About Response Time Testing
Website response time (also called Time to First Byte, or TTFB) is the time from when a client sends an HTTP request to when it receives the first byte of the response. It is a key indicator of server performance and is influenced by DNS resolution time, TCP connection setup, TLS handshake, and server-side processing time.
What affects response time?
- Server location and latency — Geographic distance adds round-trip time. A server in the US will have higher latency for UK users than one in London.
- Server-side processing — Database queries, template rendering, and API calls on the backend all add to TTFB.
- TLS handshake overhead — Each new HTTPS connection requires a TLS handshake (typically 100–300ms extra). TLS session resumption and HTTP/2 reduce this.
- Hosting tier — Shared hosting, VPS, and dedicated servers have significantly different performance profiles. Cold-start serverless functions add initial latency.
Response time benchmarks
- Under 200ms — Excellent. Fast server with good caching.
- 200–500ms — Good for most web applications.
- 500ms–1s — Acceptable but worth investigating for optimisation opportunities.
- Over 1 second — Slow.
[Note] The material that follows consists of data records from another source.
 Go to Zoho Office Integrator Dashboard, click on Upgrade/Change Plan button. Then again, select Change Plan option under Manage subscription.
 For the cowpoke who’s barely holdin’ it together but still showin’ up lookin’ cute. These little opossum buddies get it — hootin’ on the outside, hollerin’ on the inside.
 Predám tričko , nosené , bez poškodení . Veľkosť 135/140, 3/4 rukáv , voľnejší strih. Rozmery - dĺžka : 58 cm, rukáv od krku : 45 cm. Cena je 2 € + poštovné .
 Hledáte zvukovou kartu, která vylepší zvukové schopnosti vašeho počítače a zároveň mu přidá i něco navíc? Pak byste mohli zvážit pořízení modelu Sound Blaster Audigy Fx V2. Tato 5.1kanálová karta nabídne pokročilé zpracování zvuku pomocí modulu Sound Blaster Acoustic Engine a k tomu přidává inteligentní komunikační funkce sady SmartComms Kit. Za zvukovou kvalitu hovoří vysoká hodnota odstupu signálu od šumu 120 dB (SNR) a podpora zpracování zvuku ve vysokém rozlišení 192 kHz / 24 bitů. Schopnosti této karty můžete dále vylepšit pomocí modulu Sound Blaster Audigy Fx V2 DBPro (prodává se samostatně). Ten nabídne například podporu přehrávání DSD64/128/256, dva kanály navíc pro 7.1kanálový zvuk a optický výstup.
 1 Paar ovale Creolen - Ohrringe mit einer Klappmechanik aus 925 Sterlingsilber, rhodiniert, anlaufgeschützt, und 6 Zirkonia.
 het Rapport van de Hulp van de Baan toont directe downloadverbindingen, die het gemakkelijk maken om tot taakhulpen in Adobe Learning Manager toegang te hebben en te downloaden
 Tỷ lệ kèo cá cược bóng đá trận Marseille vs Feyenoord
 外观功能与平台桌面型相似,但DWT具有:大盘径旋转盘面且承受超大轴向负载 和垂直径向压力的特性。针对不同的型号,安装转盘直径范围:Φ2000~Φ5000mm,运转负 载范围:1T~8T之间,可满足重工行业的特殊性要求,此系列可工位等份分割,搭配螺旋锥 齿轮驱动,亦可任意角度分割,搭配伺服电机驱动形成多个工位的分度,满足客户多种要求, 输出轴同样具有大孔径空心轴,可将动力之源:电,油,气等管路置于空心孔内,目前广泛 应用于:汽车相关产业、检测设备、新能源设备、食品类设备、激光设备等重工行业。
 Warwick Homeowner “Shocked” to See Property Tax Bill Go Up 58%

Likely indicates a missing cache, slow database queries, or an underpowered server.
This tool makes requests from the ToolForge server. Results reflect server-to-server latency, not end-user browser experience which includes CDN edge, DNS, and content download time on top of TTFB.
Frequently asked questions
What is TTFB?
TTFB (Time To First Byte) is the time from making an HTTP request until the first byte of the response is received. It measures server processing time plus network latency and is a key web performance metric.
What is a good TTFB?
Under 200ms is excellent, 200–500ms is acceptable, 500ms–1s is slow, and over 1s is poor. For a good Core Web Vitals score, aim for TTFB under 800ms.